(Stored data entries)

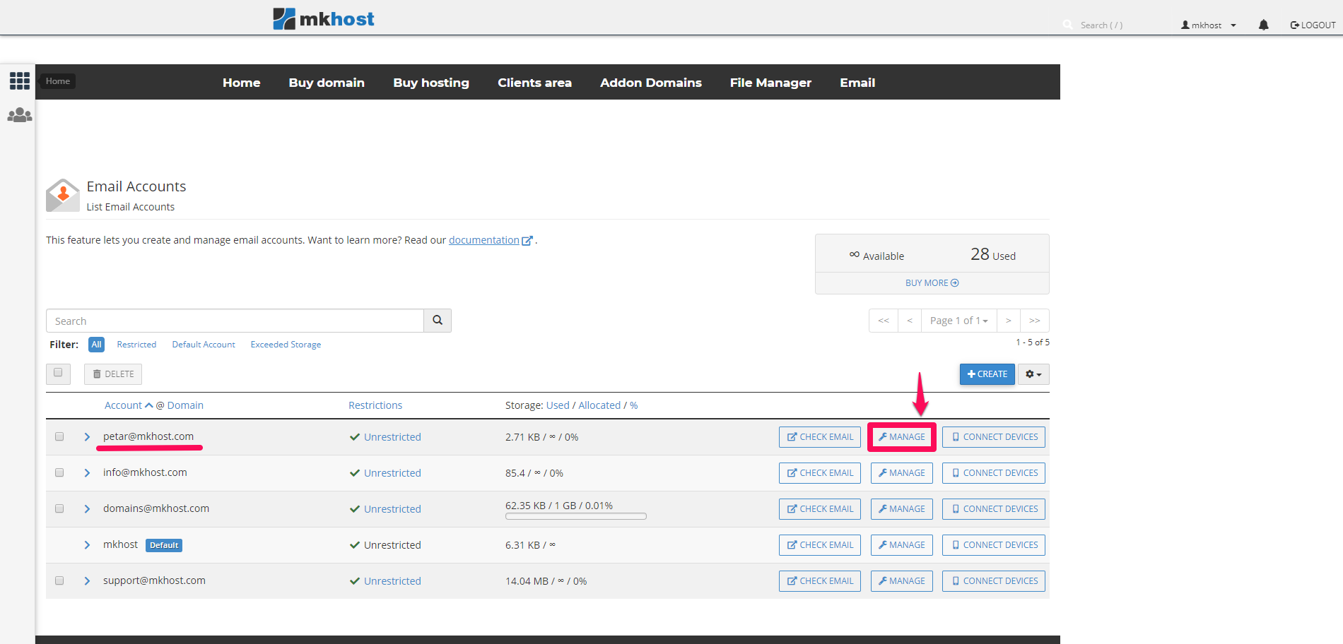 Ќе се отворат сите твои емаил адреси кои ги имаш креирано на твојот хостинг.
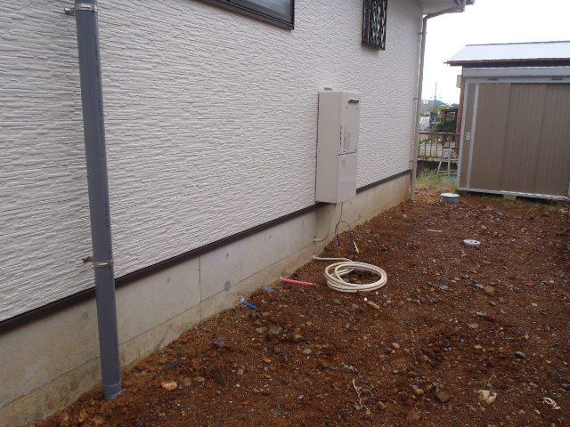 ・外部工事、ガスボイラー設置、玄関・ポーチタイル下地、基礎幅木
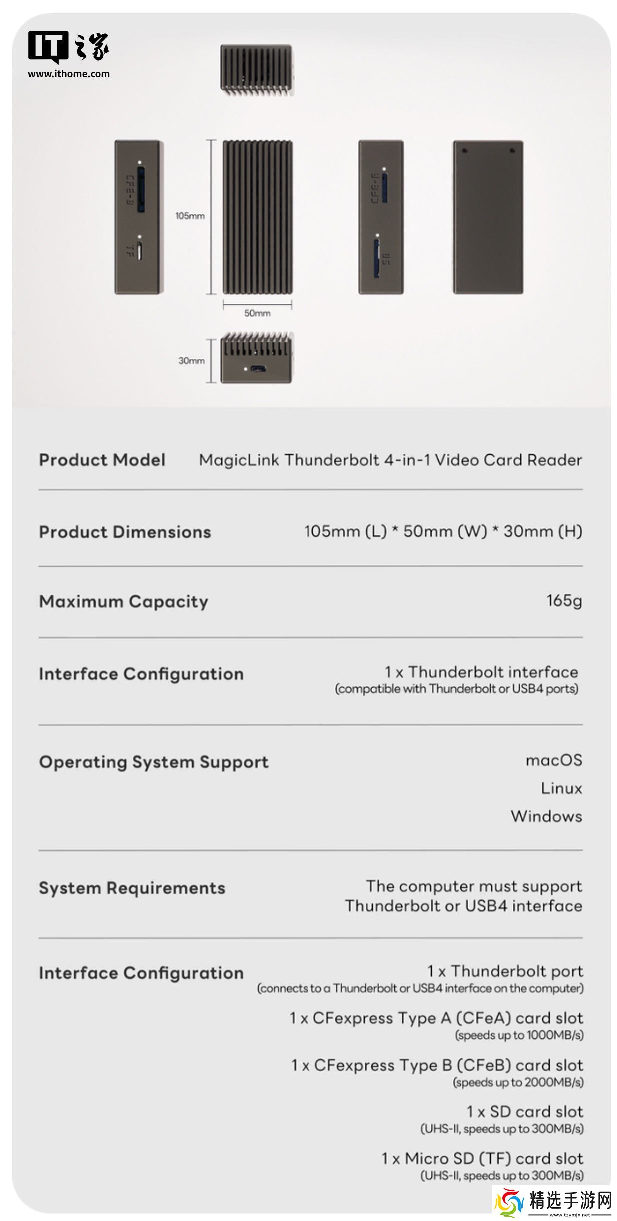 本站 7 月 19 日消息,制造商 MagicLink 现推出一款“MagicLink 4 合 1 读卡器”,主打“全球最快多卡同时读取”,最大数据传输速率可达 2790MB/s,定价 119 美元(本站注:现汇率约合 854.8 元人民币)。
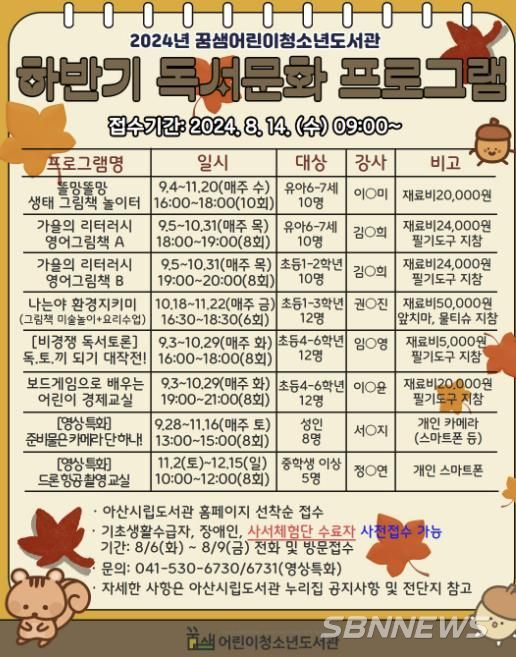 [sbn뉴스-서해신문·서해방송] 아산시 꿈샘어린이청소년도서관(이하 꿈샘도서관)이 2024년 하반기 독서문화 프로그램 수강생을 모집한다.
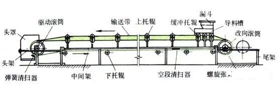 該裝置沿著改向滾筒方向布置,其刮板在制造時選用聚氨酯類材料;且采用平行刮板布置,在刮板上安裝有彈簧,以保證刮板與輸送帶之間存在良好的接觸,同時避免產生過大的壓緊力,對輸送帶造成磨損。

■ **Problem to work on**
Could you write out exactly the lines running from the one with "[sbn뉴스-서해신문·서해방송] 아산시 꿈샘어린이청소년도서관(이하" through the last line of the data above, both ends kept, and omit any picture?

■ **Answer below**
 [sbn뉴스-서해신문·서해방송] 아산시 꿈샘어린이청소년도서관(이하 꿈샘도서관)이 2024년 하반기 독서문화 프로그램 수강생을 모집한다.
 該裝置沿著改向滾筒方向布置,其刮板在制造時選用聚氨酯類材料;且采用平行刮板布置,在刮板上安裝有彈簧,以保證刮板與輸送帶之間存在良好的接觸,同時避免產生過大的壓緊力,對輸送帶造成磨損。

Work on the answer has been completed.